Steve Goble

Choose life. (Deuteronomy 30:19)

Story: Frank Robbins (Dead... Till Proven Alive!), Mike Friedrich (Case Of No Consequence!)
Art: Irv Novick & Dick Giordano

Funky radio DJ: "Yay, keeds -- This is Ho-Ho-Ho, your jolly green deejay at XJL -- with the newest poop on ye great "Oliver Twists" mystery!

Dig the seventh groove on our boys' 'Summer Knights'! Spin at 78 R.P.M. instead of 33 -- take it off on tape -- and playback at 1-⅞ I.P.S.!"

I had to read that opening page three times just to figure out what on Earth was going on there.

And the solution to that particular bat-mystery was... that it was the year 1970.

The whole lead story is a spin on the real life "Paul McCartney Is Dead" urban-meme from the previous year, to the point of featuring a 4-boy pop group from Britain called 'The Twists'. (pictured on the cover) The above radio opening reveals a backmasked, or rather fastmasked, message hidden in one of their songs, hinting that their singer Saul Cartwright (geddit?) is in fact deceased.

Hidden message: "Sure was a ball, Saul -- Too bad it's over!"

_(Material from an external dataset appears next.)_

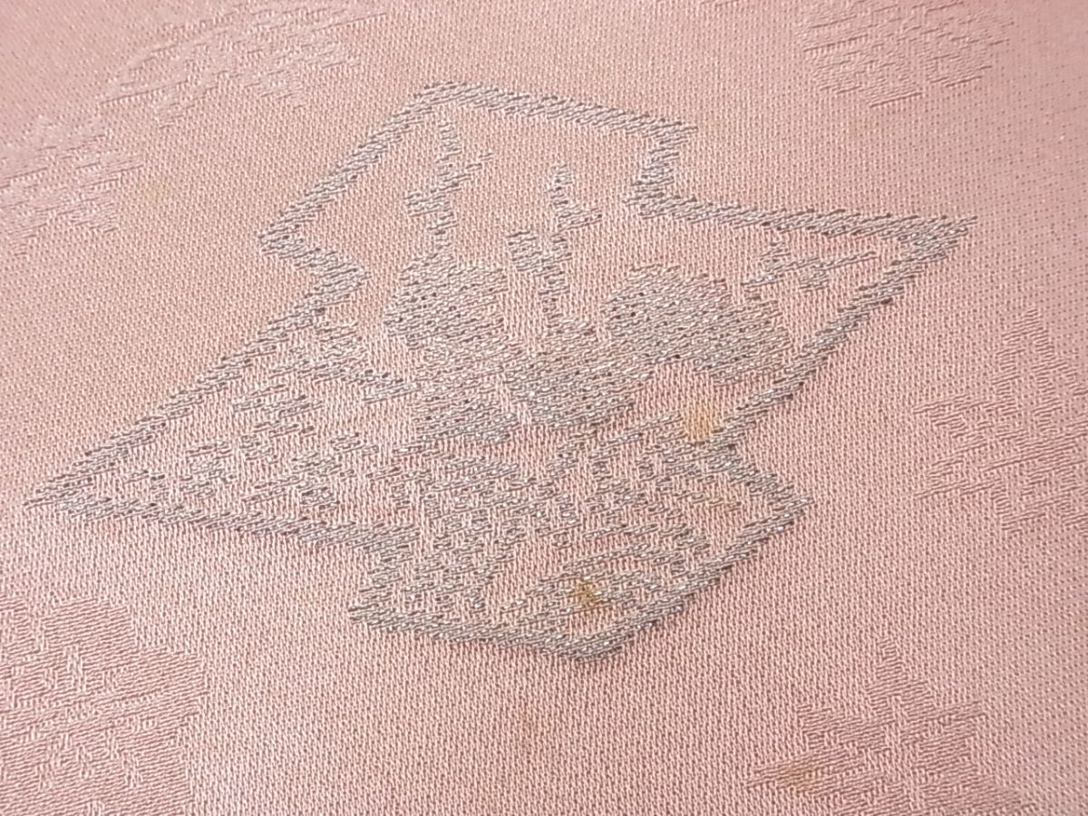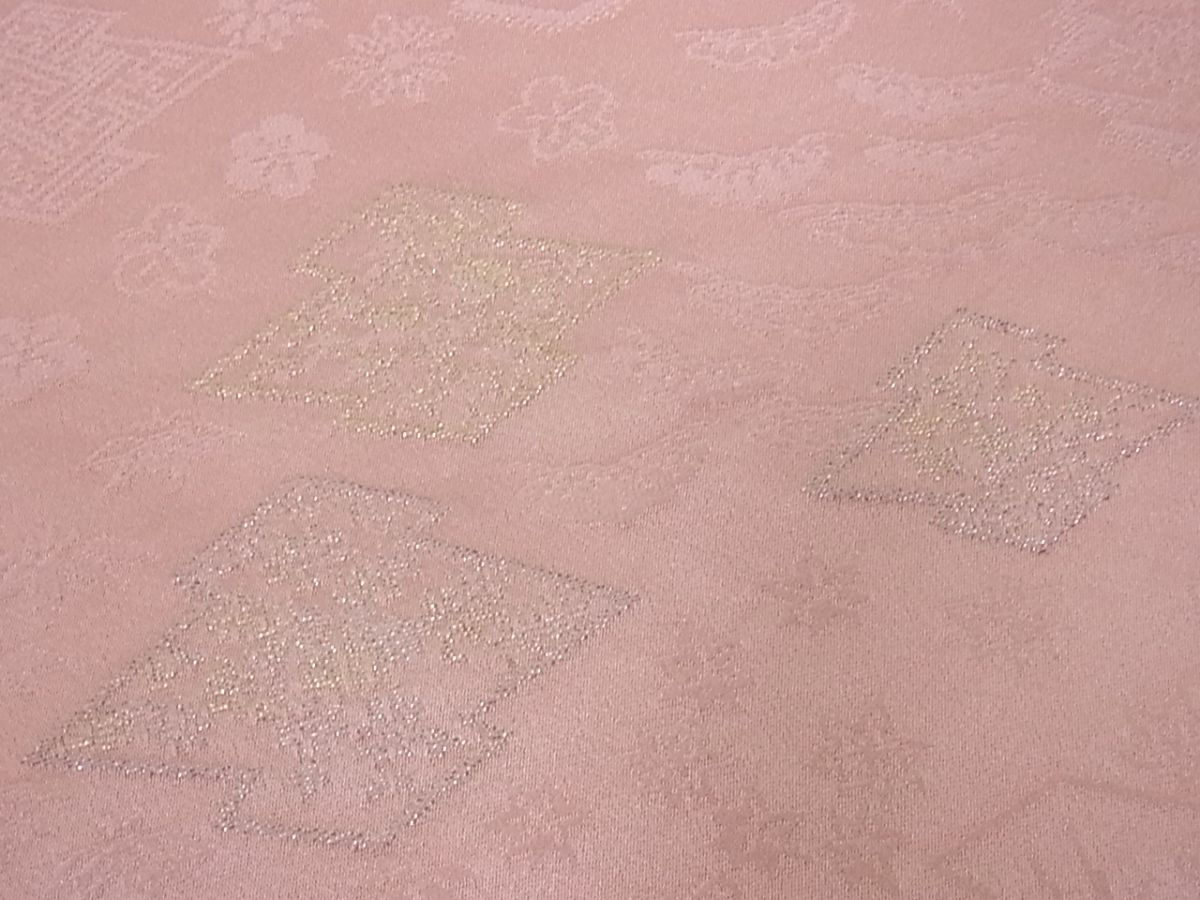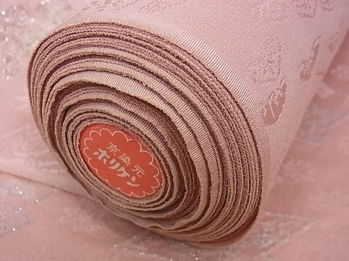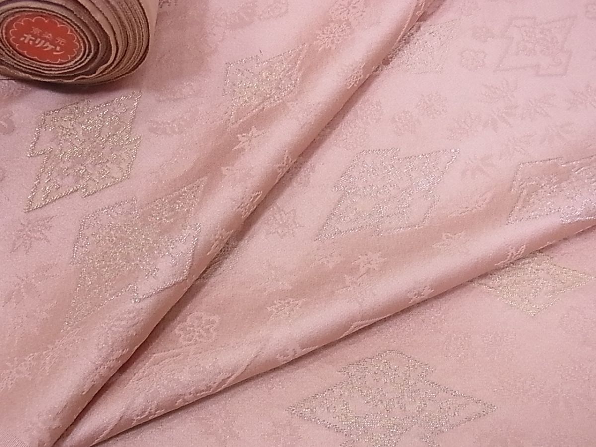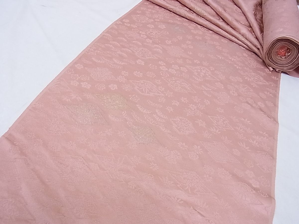 eふれんず◆小紋 反物 着尺 寿宝織 松皮菱花文 退紅色 金銀糸 丹後縮緬 正絹 未使用品 未仕立て◆bm1366
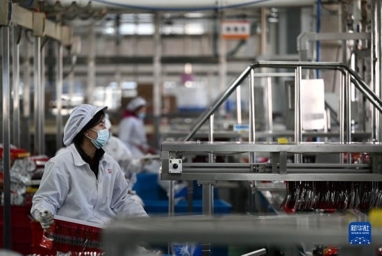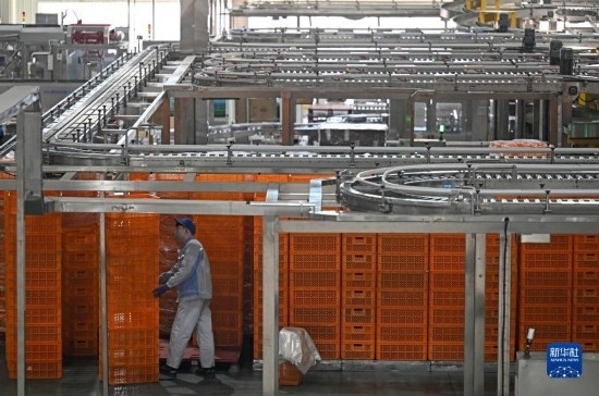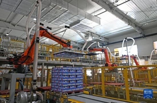 在天津海河乳品有限公司智能化生產(chǎn)線,智能生產(chǎn)設(shè)備在轉(zhuǎn)運(yùn)貨物(2月20日攝)。

Well, that's good enough evidence for me, but not apparently for Batman and Robin, who go to farcical extremes to ascertain just whether or not the lad from 'Lunnon Town' has in fact now been replaced by a lookalike imposter. They secretly record him speaking, secretly record him singing (I said it was farcical) and even bug his phone calls. Do the good guys sound to you a bit, well, obsessed?

Sheesh, they're just a pair of fanboy stalkers now!

By the end of the story the good guys have even broken into a recording studio, however despite his tunnel-vision, the world's greatest detective does still come through with the correct solution by the end of the strip.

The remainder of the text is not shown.